EuBIC / EuBIC2020

4 stars 0 forks source link

Batch XIC and spectra extraction in ThermoRawFileParser #7

Open caetera opened 5 years ago

caetera commented 5 years ago

Abstract

ThermoRawFileParser is open-source cross-platform software to convert raw files from Thermo MS instruments to open data formats. Common open MS data formats are either "heavy" (XML-based formats, such as mzML) or too simple to include all necessary metadata (text-based formats, such as MGF). There is a need to include more "light-weight" data representation, that can be used in web services and applications. Moreover, it is often necessary to obtain specific information, such as a set of eXtracted Ion Chromatograms (XICs), or spectra with certain properties from a data file rather than converting it completely. This project aims to resolve this issue by developing a tool for batch retrieval of XICs and spectra in JSON format using existing codebase of ThermoRawFileParser.

Work plan

1. Group discussion/brain-storming

The following issues have to be discussed, however, the list can be extended during the discussion.

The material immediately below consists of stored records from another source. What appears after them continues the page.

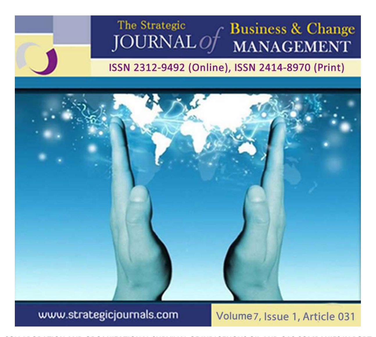
COLLABORATION AND ORGANIZATIONAL SURVIVAL OF INDIGENOUS OIL AND GAS COMPANIES IN PORT HARCOURT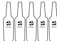
Around 88 bottles of exclusive Scotch Whisky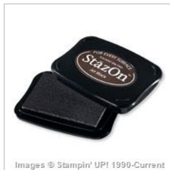
Jet Black Stazon Pad

The brain-storming can begin before the meeting.

As a result, we should come to a detailed specification of input and output and key design concepts for the tool to be developed.

2. Drafting the roadmap of development

We should start with review/refresh the existing codebase of ThermoRawFileParser. Later, using the specification developed earlier, we should develop the roadmap for the features to be implemented, starting from the most important (easy to implement) to least important (complicated). For example, as a start, we will focus on batch retrieval of m/z based XICs, with the future plan to include chemical formula based ones.

3. Building a working prototype.

We start with a prototype tool that will implement the most important features. Depending on the number of participants the work can be done in parallel with small groups focusing on isolated tasks, such as input parsing, output formatting, XIC creation, spectra filtering and retrieval.

4. Improving the prototype.

Depending on the available time/resources, we will continue adding new features to the tool according to the roadmap. Additionally, we have to agree on how to continue with the development after the end of the hackathon.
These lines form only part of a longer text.